Addiction as a brain disease revised: why it still matters, and the need for consilience Neuropsychopharmacology

The model, therefore, allows for diverse and multidimensional aspects of knowledge to be drawn upon depending on the concern to be addressed, and the tools available to address them (Cochrane 2007). Guiding an individual’s behaviour are brain processes, somatic mechanisms, the ethical rules and norms that govern society, and the nature of the interaction. The complex combination of biological, psycho-social and systemic factors may explain why it is so difficult for some individuals to refuse drugs in the face of increasingly negative consequences. An underlying feature of these interacting systems is the human subjective experience of free voluntary actions, which problematizes laws within the natural world that every event has a cause with causally sufficient explanations.

Descartes was interested in how organisms interact with their environment, believing that nonhuman animals were nothing more than biological machines. For Darwin, an animal’s interaction with its environment was entirely reflexive – each and every behavior was an automatic response elicited by a specific stimulus in the environment. But humans were different – they had a soul, which was metaphysical, given by God, and outside the realm of simple elicited reflexes (Descartes, as translated by Cress, 1993).

What Exactly Is the Biopsychosocial Model of Addiction?

However, the model argues that choice occurs at a more intimate level, as cognitive factors interpret and evaluate different possible outcomes. The individual may choose to initially use drugs for a variety of reasons (e.g., cultural practice, social inclusion, curiosity). In the absence of any obvious negative outcomes, the momentary consequences of using drugs may outweigh the momentary consequences of not using drugs. Drugs are unique as reinforcers in that they act directly (and in this sense, biochemically) on the biological systems that control motivated behavior.

78 Technology-based tools are well-positioned to meet this unmet need in this new model of care. The degrees in which self-control is exerted, free choice is realized and desired outcomes achieved are dependent on these complex interacting biopsychosocial systems. Many post-modern theorists such as Christman (2004) have challenged the original Kantian privileging and definition of autonomy.
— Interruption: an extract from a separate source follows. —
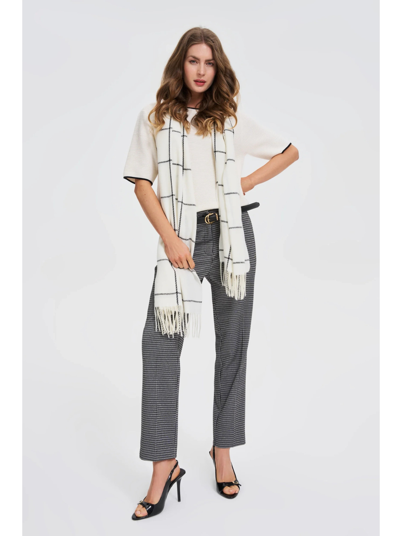 Vzorčast šal bež barve Moodo

One claim is based on the fact that decisional autonomy, or rationality, is not the most valuable human characteristic, and the individual-as-independent does not adequately characterize human beings (Russell 2009). Accordingly, the matrix of a person’s socio-historical context, life narrative, genetics, and relationships with others influence intention, decision, and action, and thus shape the brain. Autonomy, therefore, is not adequately defined just by the events in the brain or the “quality” of the decision being made.
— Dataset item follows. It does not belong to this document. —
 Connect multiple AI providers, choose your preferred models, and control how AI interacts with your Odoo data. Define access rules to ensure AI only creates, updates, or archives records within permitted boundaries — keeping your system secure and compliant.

Current status of the BPS model

The informants who had periods of severe use of substances all talked about demanding situations relating to work, troubled relationships, mental health problems, or loneliness. These struggles concerned being caught up by adverse childhood experiences, situations that arose during severe substance use, or life challenges during the years after they left treatment. Environment and culture also play a role in how a person responds to a substance or behavior. A lack or disruption in a person’s social support system can lead to substance or behavioral addiction. Traumatic experiences that affect coping abilities can also lead to addictive behaviors. Simply put, alcohol or other drug use is more likely if positive outcomes are expected than if negative outcomes are expected.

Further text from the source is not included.